WHAT IS EXPECTED: An exact copy of the listing below is required.

SOURCE DATA:
---
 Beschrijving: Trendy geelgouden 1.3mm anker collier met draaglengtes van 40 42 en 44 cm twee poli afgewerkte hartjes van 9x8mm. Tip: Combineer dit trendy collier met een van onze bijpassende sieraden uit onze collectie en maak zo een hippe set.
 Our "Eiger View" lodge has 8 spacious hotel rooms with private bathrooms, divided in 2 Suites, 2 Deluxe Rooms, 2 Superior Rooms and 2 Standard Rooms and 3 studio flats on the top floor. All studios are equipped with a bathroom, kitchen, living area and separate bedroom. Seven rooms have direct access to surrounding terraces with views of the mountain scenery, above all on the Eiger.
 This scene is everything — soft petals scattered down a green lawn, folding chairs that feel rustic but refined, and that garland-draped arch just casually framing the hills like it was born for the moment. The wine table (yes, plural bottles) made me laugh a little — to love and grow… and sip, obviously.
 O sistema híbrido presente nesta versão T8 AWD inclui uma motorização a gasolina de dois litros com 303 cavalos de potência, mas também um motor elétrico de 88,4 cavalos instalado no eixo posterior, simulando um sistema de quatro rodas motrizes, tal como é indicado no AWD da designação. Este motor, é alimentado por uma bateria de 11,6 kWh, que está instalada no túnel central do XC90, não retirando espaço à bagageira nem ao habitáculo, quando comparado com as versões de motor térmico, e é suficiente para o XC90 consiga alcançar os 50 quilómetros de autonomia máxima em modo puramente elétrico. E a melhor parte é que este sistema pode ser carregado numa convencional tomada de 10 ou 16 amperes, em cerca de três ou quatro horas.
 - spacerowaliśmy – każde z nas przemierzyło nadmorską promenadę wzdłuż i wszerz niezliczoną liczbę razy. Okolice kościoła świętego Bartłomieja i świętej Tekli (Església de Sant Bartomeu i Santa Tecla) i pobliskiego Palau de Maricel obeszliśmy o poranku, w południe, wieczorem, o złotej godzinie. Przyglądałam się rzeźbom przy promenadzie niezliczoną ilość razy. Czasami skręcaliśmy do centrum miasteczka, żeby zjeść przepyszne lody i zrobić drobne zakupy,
---
ANSWER TO THIS PROBLEM:
 Beschrijving: Trendy geelgouden 1.3mm anker collier met draaglengtes van 40 42 en 44 cm twee poli afgewerkte hartjes van 9x8mm. Tip: Combineer dit trendy collier met een van onze bijpassende sieraden uit onze collectie en maak zo een hippe set.
 Our "Eiger View" lodge has 8 spacious hotel rooms with private bathrooms, divided in 2 Suites, 2 Deluxe Rooms, 2 Superior Rooms and 2 Standard Rooms and 3 studio flats on the top floor. All studios are equipped with a bathroom, kitchen, living area and separate bedroom. Seven rooms have direct access to surrounding terraces with views of the mountain scenery, above all on the Eiger.
 This scene is everything — soft petals scattered down a green lawn, folding chairs that feel rustic but refined, and that garland-draped arch just casually framing the hills like it was born for the moment. The wine table (yes, plural bottles) made me laugh a little — to love and grow… and sip, obviously.
 O sistema híbrido presente nesta versão T8 AWD inclui uma motorização a gasolina de dois litros com 303 cavalos de potência, mas também um motor elétrico de 88,4 cavalos instalado no eixo posterior, simulando um sistema de quatro rodas motrizes, tal como é indicado no AWD da designação. Este motor, é alimentado por uma bateria de 11,6 kWh, que está instalada no túnel central do XC90, não retirando espaço à bagageira nem ao habitáculo, quando comparado com as versões de motor térmico, e é suficiente para o XC90 consiga alcançar os 50 quilómetros de autonomia máxima em modo puramente elétrico. E a melhor parte é que este sistema pode ser carregado numa convencional tomada de 10 ou 16 amperes, em cerca de três ou quatro horas.
 - spacerowaliśmy – każde z nas przemierzyło nadmorską promenadę wzdłuż i wszerz niezliczoną liczbę razy. Okolice kościoła świętego Bartłomieja i świętej Tekli (Església de Sant Bartomeu i Santa Tecla) i pobliskiego Palau de Maricel obeszliśmy o poranku, w południe, wieczorem, o złotej godzinie. Przyglądałam się rzeźbom przy promenadzie niezliczoną ilość razy. Czasami skręcaliśmy do centrum miasteczka, żeby zjeść przepyszne lody i zrobić drobne zakupy,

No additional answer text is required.